Personal privacy concerns may limit the growth of the high-volume consumer and commercial GPS-based applications and demand for our GPS products.

GPS-based consumer and commercial applications rely on the ability to receive, analyze and store location information. Consumers may not accept some GPS applications because of the fact that their location can be tracked by others and that this information could be collected and stored. Also, federal and state governments may disallow specific uses of GPS technology for privacy or other reasons or could subject this industry to regulation. If consumers view GPS-based applications as a threat to their privacy, demand for some GPS-based products could decline.

Rapidly changing standards could make our products uncompetitive or obsolete, which would cause our operating results to suffer.

The emergence of markets for our chipsets is affected by a variety of factors beyond our control. In particular, some of our products are designed to conform to standards set by industry standards bodies and alliances such as the IEEE, the Bluetooth Special Interest Group and the HomePlug Powerline Alliance. We also depend on industry groups such as the WiFi Alliance to certify and maintain certification of our products. If our customers adopt new or competing industry standards with which our products are not compatible, or such industry groups fail to adopt standards with which our products are compatible, our existing products would become less desirable to our customers, our sales would suffer, and we could be required to make significant expenditures to develop new products. In addition, most of our powerline products are based upon specifications adopted by the HomePlug Powerline Alliance. The HomePlug Powerline Alliance could adopt changes to these specifications or adopt new or additional specifications that would require us to make changes to our products or develop new products in order to comply with the new specifications. In addition, other industry associations formed to promote PLC have already established their own specifications which conflict with the HomePlug specifications. Furthermore, other groups that have more international recognition as independent standards development organizations, such as the IEEE and the International Telecommunication Union, or ITU, are also working on the adoption of powerline and anywire wireline communications standards that may be different from, and incompatible with, the HomePlug specifications used by most of our powerline products. For example, we do not believe that our HomePlug products would interoperate or coexist with the physical layer of the proposed G.hn anywire communications standard. We are unable to predict whether or when a G.hn standard will be ratified by the ITU or, if it is, the degree to which the final specification, or subsequent changes to the specification, will require us to make changes to our existing powerline products or to designs we have in progress.

Our use of standards-based technology reduces the value of our intellectual property and exposes us to additional competition.

As we believe that some of our customers and potential customers prefer to use products that are based on industry standards rather than proprietary technologies, we have in the past elected, and may in the future elect, to base our products on specifications approved by standards bodies or industry alliances and to have our intellectual property included in these specifications.
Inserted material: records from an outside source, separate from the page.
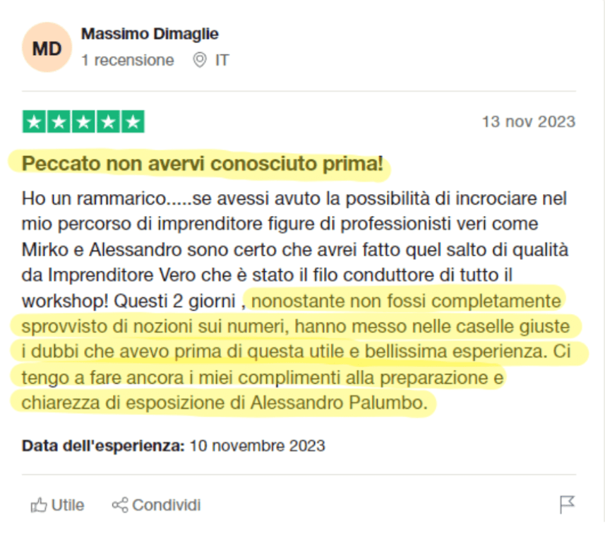 Tutto quello che insegno deriva da test sulle mie aziende e quelle di amici imprenditori appartenenti ad altri settori. È questo il motivo per cui funziona!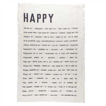 Our Happy towel lists commemorates a plethora of holidays, remembrances, and annual events, making it a supremely universal gift. Inspired by traditional English tea towels — made from pure linen to avoid surface lint when drying delicate china and glassware — each towel is printed using silk screens and cut from running yardage that comes off the loom with selvage sides before we hem it by hand.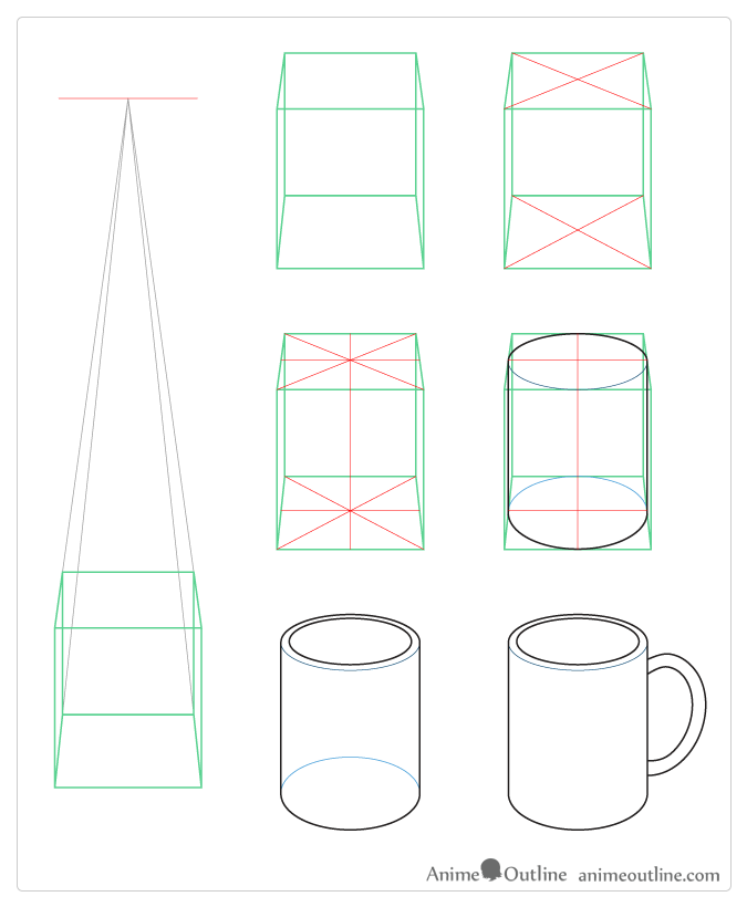 Nếu vẽ ca uống nước này theo đúng phối cảnh, đáy ca sẽ được vẽ tròn hơn (giãn ra theo chiều dọc hơn so với miệng ca) do trong trường hợp này, ca uống nước nằm dưới tầm mắt người xem và vì vậy, miệng ca sẽ nằm gần tầm mắt người xem. Ngược lại, miệng ca sẽ tròn hơn nếu ca uống nước nằm trên tầm mắt người xem.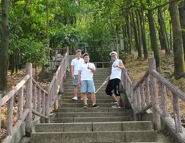 山路前半段稍緩和,大家還能大隊(duì)結(jié)伴而行,甚至走在隊(duì)伍最前方的帶隊(duì)同事還能高舉旗幟快速奔跑,但在行進(jìn)至快半山腰后,坡度陡峭的石階路開始出現(xiàn),上山路途難度加大,隊(duì)伍逐漸形成了梯隊(duì)。體力好、耐力強(qiáng)的同事依然穩(wěn)步快速向上,體力稍遜的同事雖然與前面的同志拉開了距離,但也絲毫不甘落后,勇往直前,奮起直追。盡管山路漸陡、腳步變得沉重,呼吸變得急促,但是,大家互相關(guān)照,相互勉勵(lì),共同堅(jiān)持,最終成功登頂。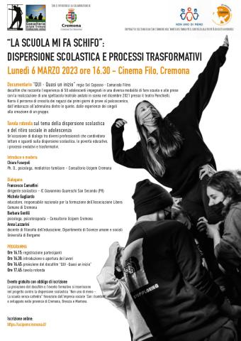 "LA SCUOLA MI FA SCHIFO". DISPERSIONE SCOLASTICA E PROCESSI TRASFORMATIVI - ISCRIZIONE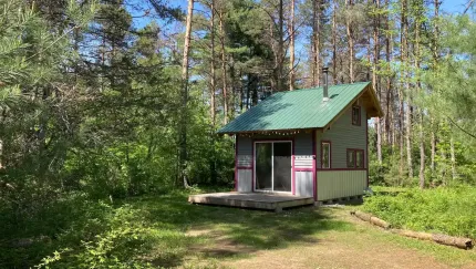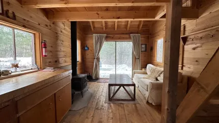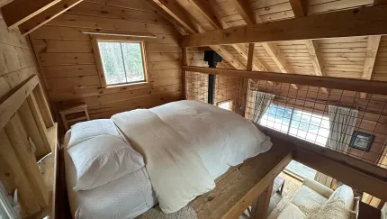 The Shepherd's Crook is a tiny house nestled back in the pines. The Crook is just 200 square feet plus an 8'x8' sleeping loft with a steep ladder. There is no electricity or running water. Lots of windows and a big sliding front door let in lots of light during the day. A composting outhouse is 30' out the back door. There's a small two-burner propane stove on the counter in the small kitchen space with the basics to cook/eat for two. A potable water hydrant is located by the barn. Self-sufficiency is a must for this unique stay. Be prepared for a rustic and adventurous experience. You will find a few basics, like mugs, plates/bowls, silverware.

The applicable standards bodies and alliances typically require that participating companies license their necessary patent claims on non-exclusive, reasonable and non-discriminatory terms to other members, including competitors, who elect to produce products compliant with the applicable standard. For example, as a sponsor member of the HomePlug Powerline Alliance, we are obligated to license our necessary patent claims on non-exclusive, reasonable and non-discriminatory terms to other HomePlug Powerline Alliance members, including competitors, who elect to produce products compliant with the HomePlug specifications, as well as any future HomePlug specifications, to the extent that the necessary claims are needed to allow compatibility. We have similar obligations with respect to technology contributed to other standards bodies and industry alliances. If we are successful in having our intellectual property included in additional industry standards, the scope of these licensing obligations could increase. These obligations to license our necessary patent claims may allow our competitors to use our patents to develop and sell products that compete with our products without spending the time and expense that we incurred to develop the technology covered by the patents, thereby potentially reducing any time to market advantage we might have as a result of these patents. These obligations also substantially restrict and may eliminate our ability to use our patents as a barrier to entry or as a significant source of revenue. Moreover, because the specifications for these industry standards are generally available to members of the applicable standards bodies and alliances for little or no cost, competitors can more easily create ICs that compete with our products.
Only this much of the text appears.